Abstract
Developmental disorders characterized by small body size have been linked to CDK5RAP2 loss-of-function mutations, but the mechanisms underlying which remain obscure. Here, we demonstrate that knocking down CDK5RAP2 in human fibroblasts triggers premature cell senescence that is recapitulated in Cdk5rap2an/an mouse embryonic fibroblasts and embryos, which exhibit reduced body weight and size, and increased senescence-associated (SA)-β-gal staining compared to Cdk5rap2+/+ and Cdk5rap2+/an embryos. Interestingly, CDK5RAP2-knockdown human fibroblasts show increased p53 Ser15 phosphorylation that does not correlate with activation of p53 kinases, but rather correlates with decreased level of the p53 phosphatase, WIP1. Ectopic WIP1 expression reverses the senescent phenotype in CDK5RAP2-knockdown cells, indicating that senescence in these cells is linked to WIP1 downregulation. CDK5RAP2 interacts with GSK3β, causing increased inhibitory GSK3β Ser9 phosphorylation and inhibiting the activity of GSK3β, which phosphorylates β-catenin, tagging β-catenin for degradation. Thus, loss of CDK5RAP2 decreases GSK3β Ser9 phosphorylation and increases GSK3β activity, reducing nuclear β-catenin, which affects the expression of NF-κB target genes such as WIP1. Consequently, loss of CDK5RAP2 or β-catenin causes WIP1 downregulation. Inhibition of GSK3β activity restores β-catenin and WIP1 levels in CDK5RAP2-knockdown cells, reducing p53 Ser15 phosphorylation and preventing senescence in these cells. Conversely, inhibition of WIP1 activity increases p53 Ser15 phosphorylation and senescence in CDK5RAP2-depleted cells lacking GSK3β activity.
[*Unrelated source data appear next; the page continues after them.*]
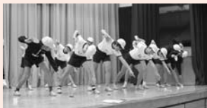
▲百吸・万歩：投力を高めるめんこ教室

一読では読み聞かせボランティアによるお話ポケットを、十笑では地域の方に参加いただき笑顔であいさつ運動を行っています。また、百吸・万歩の取り組みとして毎朝の全校マラソンの実施、千字タイムやことばタイムを新設し言語能力の育成を図る等、「チーム久喜小」を合言葉に教育活動の工夫に努めています。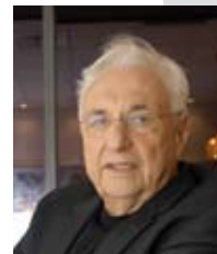
על פרנק גרי:

"את עבודתו של פרנק גרי אני מכיר היטב מאז שנות השבעים, אך מעולם לא חלמתי שדווקא הוא, יותר מכולם, יגיע כל כך רחוק; שדווקא הוא ישנה את פני ההיסטוריה של האדריכלות"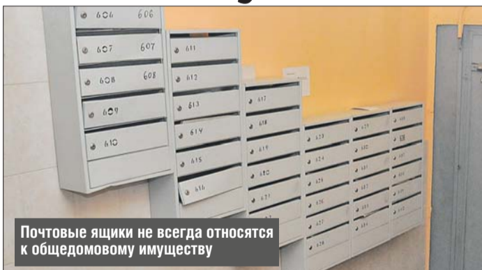
Почтовые ящики не всегда относятся к общедомовому имуществу

Вы писали, что замок почтового ящика должны починить бесплатно, а с меня «Жилищник» просит 350 рублей, ссылаясь на расценки, установленные городом. Должна ли я платить?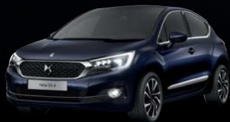
Indigókék (1) (M)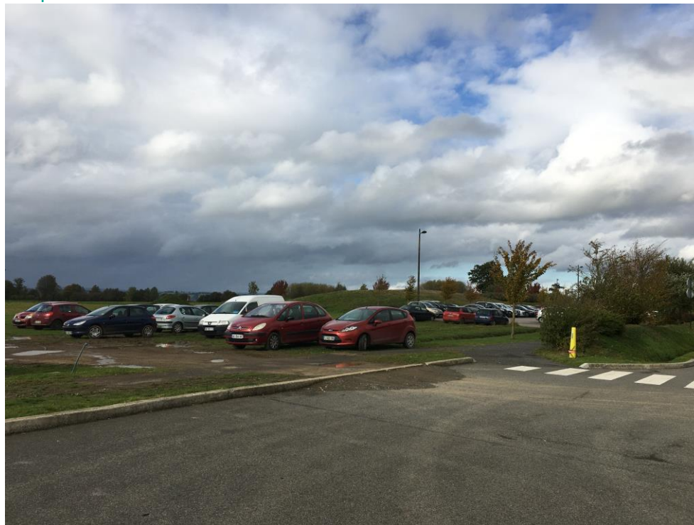
Stationnement sauvage sur l'emprise du site de projet – photographie 21/10/2020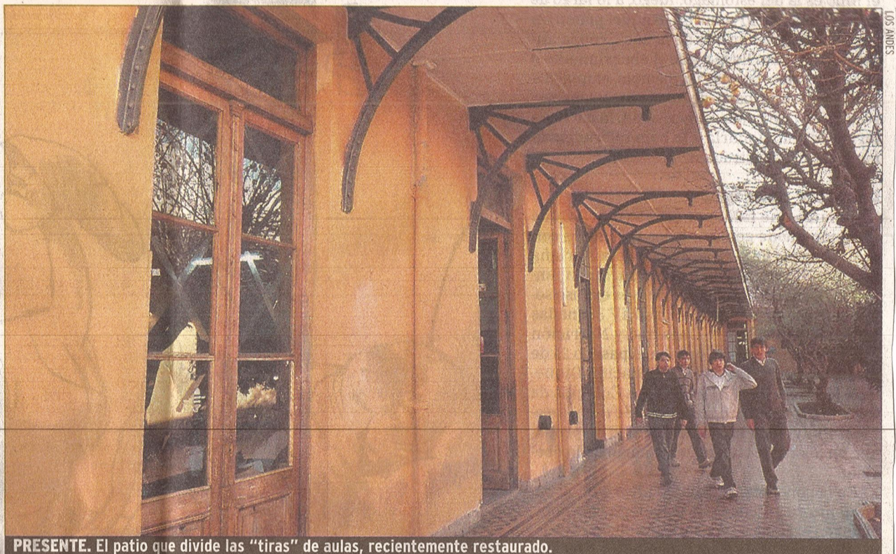
PRESENTE. El patio que divide las "tiras" de aulas, recientemente restaurado.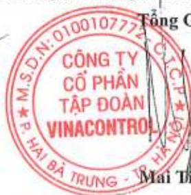
Mai Tiến Dũng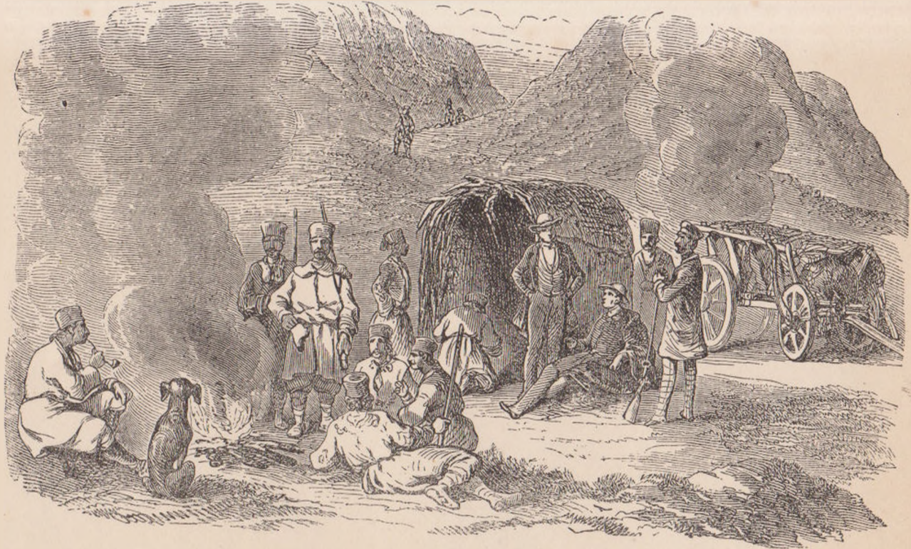
LA VINAT (după Doussault).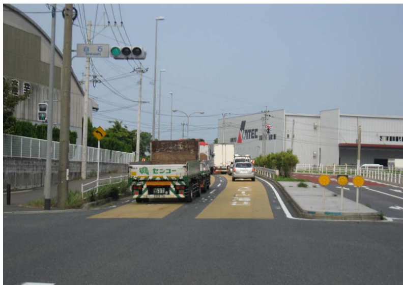
(5) ここが「白石」交差点 この先、大きく左に急カーブしたあと すぐに交差点があり、右折するので ここでは右の車線をキープしておく 目前に「VANTEC」の建屋が見える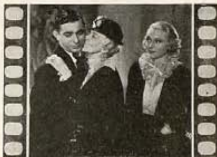
"STRIKE ME PINK"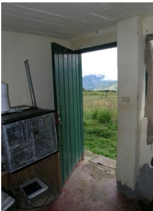
puerta de acceso salón de equipos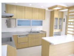
【キッチン・共有スペース】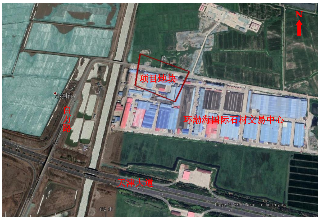
图 1.1 地块地理位置示意图

地块地理位置示意图见图 1.1，调查地块边界拐点坐标见表 1.1，地块调查范围见图 1.2。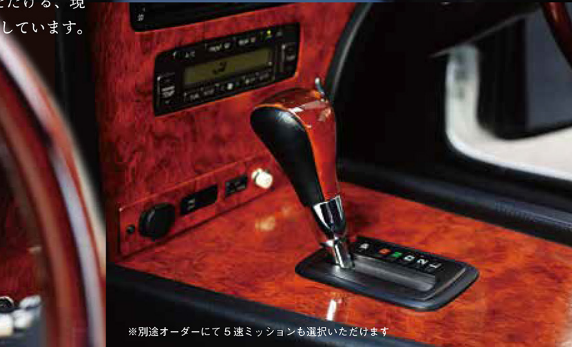
※別途オーダーにて5速ミッションも選択いただけます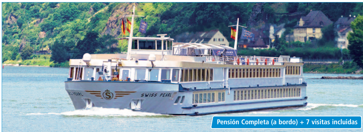
Pensión Completa (a bordo) + 7 visitas incluidas

Salidas LUNES (18 Mayo a 12 Octubre 2020)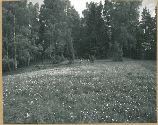
68691 Lohja, Piispala, Keinumäki. Lohja 364. Rautakautinen röykkiö + kalmisto (?). Yleiskuva. Kur. lounaasta. Tommi Vuorinen 1986.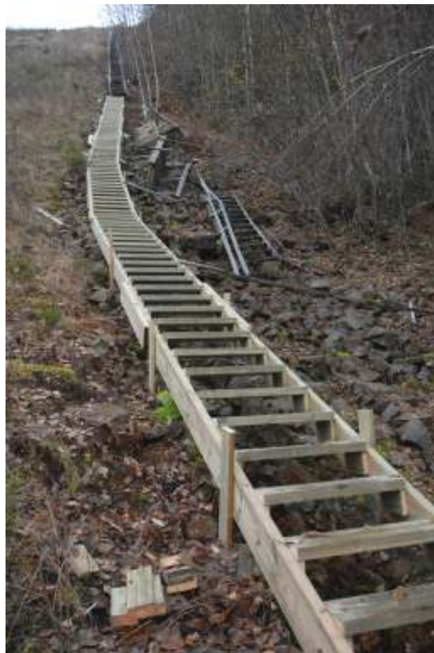
Nordre trimme og måletrapp under arbeid.

For alle utskiftninger og vedlikehold er det lagt vekt på samme utseende og materialdimensjoner som før.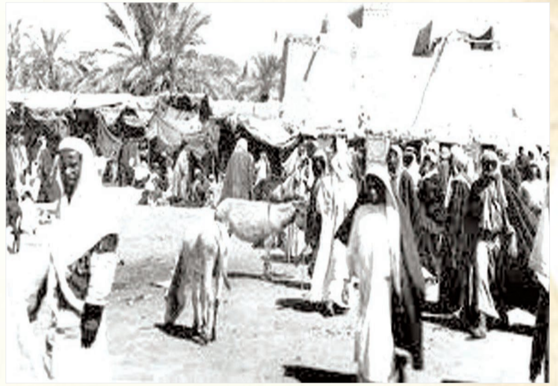
جزء من سوق الرياض القديم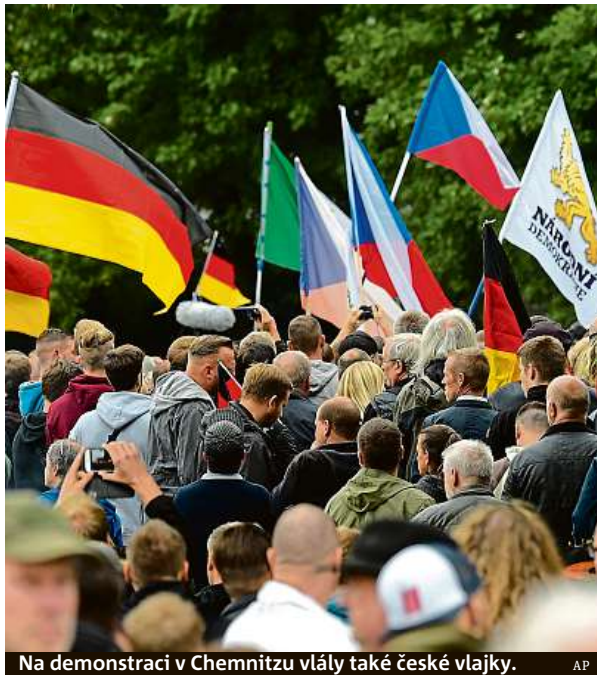
Na demonstraci v Chemnitzu vlály také české vlajky. AP

Během série demonstrací, které organizovalo pravicové hnutí Pro Chemnitz, protimigrační hnutí Pegida a parlamentní strana Alternativa pro Německo (AfD) i jejich odpůrci, policie zaznamenala zakázané poškozování majetku, ublížení na zdraví nebo užívání symbolů protiústavních organizací. ČTK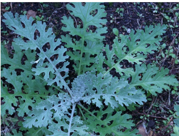
Abb. 14: Jacobaea xalbescens s. str., Grundblätter (Friedhof Grimlinghausen, Rhein-Kreis Neuss/NRW, 10.09.2023,).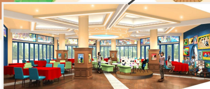
⑦リサとガスパール レストラン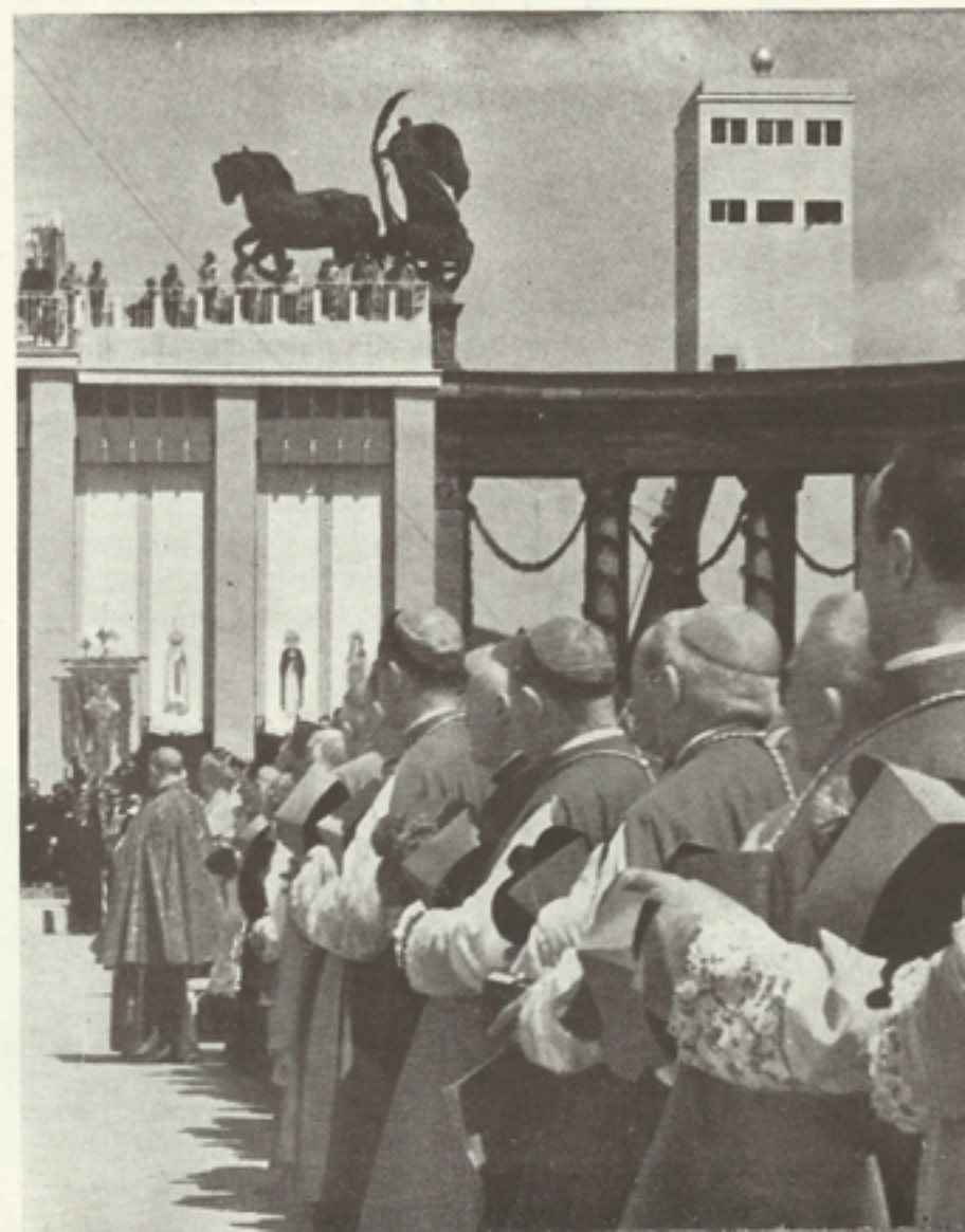
Egyházi előkelőségek sorfala oltáremelvény előtt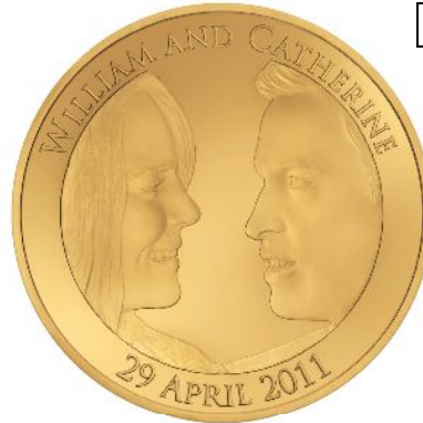
B 5ポンド金貨 価格:346,500円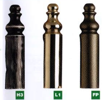
846 Ø15 X 45 art. 495 Ø 14 Exacta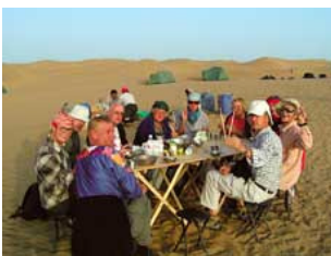
Unterwegs in der Wüste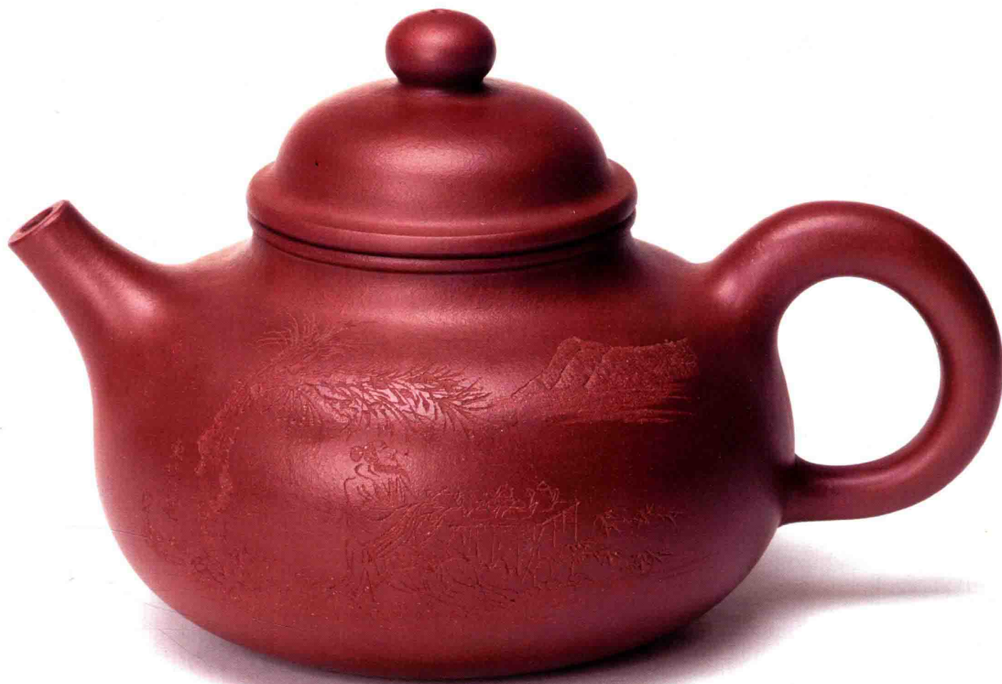
大容天 原矿紫泥 1280cc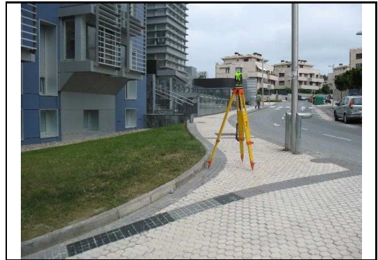
XEHETASUN ARGAZKIA / FOTO DE DETALLE

These findings indicate that loss of CDK5RAP2 promotes premature cell senescence through GSK3β/β-catenin downregulation of WIP1. Premature cell senescence may contribute to reduced body size associated with CDK5RAP2 loss-of-function.
Highlights
CDK5RAP2 was identified based on its ability to interact with the Cdk5 regulatory subunit, p35 [1]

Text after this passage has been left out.